Typing on the ZBook 17 had a few quirks but more to do with having to become accustomed to it rather than specific faults. The first thing you notice is that the keyboard is quite high up by modern standards due to the chunky base. In this beast, the keys themselves certainly don't suffer any flexing and have a positive feel and don't clatter too much either.

Having a 17-inch display allows plenty of space on the base to house a numeric keypad. You also get a Pointing stick control (in HP-speak) with three buttons below it, positioned at the top of the trackpad. At the bottom are another three buttons for ease of access during trackpad use. No doubt the presence of the middle button is for CAD user appeal as it can be assigned to panning tasks.

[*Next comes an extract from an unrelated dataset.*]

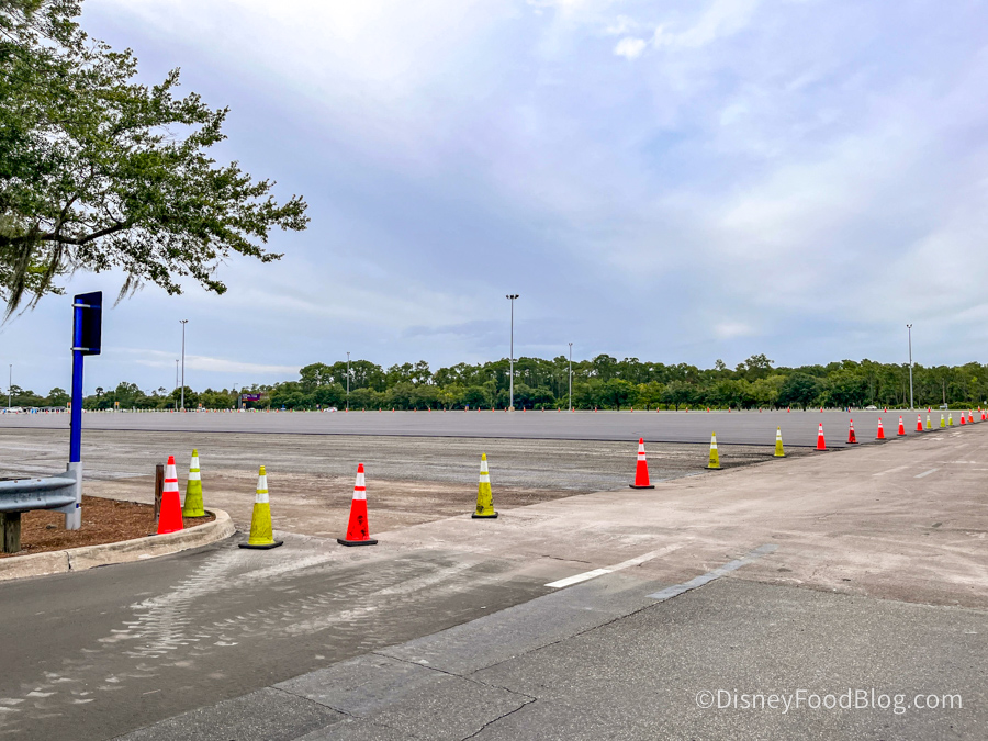 There’s a large portion of the EPCOT parking lot that’s being refurbished. It looks like they’re repaving the asphalt, which will hopefully mean a smooth ride in the future!

HP ZBook 17 mobile workstation

Lots of point and clickery here

So I asked a seasoned Solidworks user what he thought of the HP ZBook 17. While he liked the concept and the spec, he was unimpressed by the 16:9 aspect ratio with its 1920 x 1080-pixel resolution. A hi-res 16:10 display would deliver a 1920 x 1200-pixels, like on the old 17-inch MacBook Pro, and when it comes to using on-screen toolbars, those extra 120 pixels in height come in very handy, so you still have room for a full HD workspace.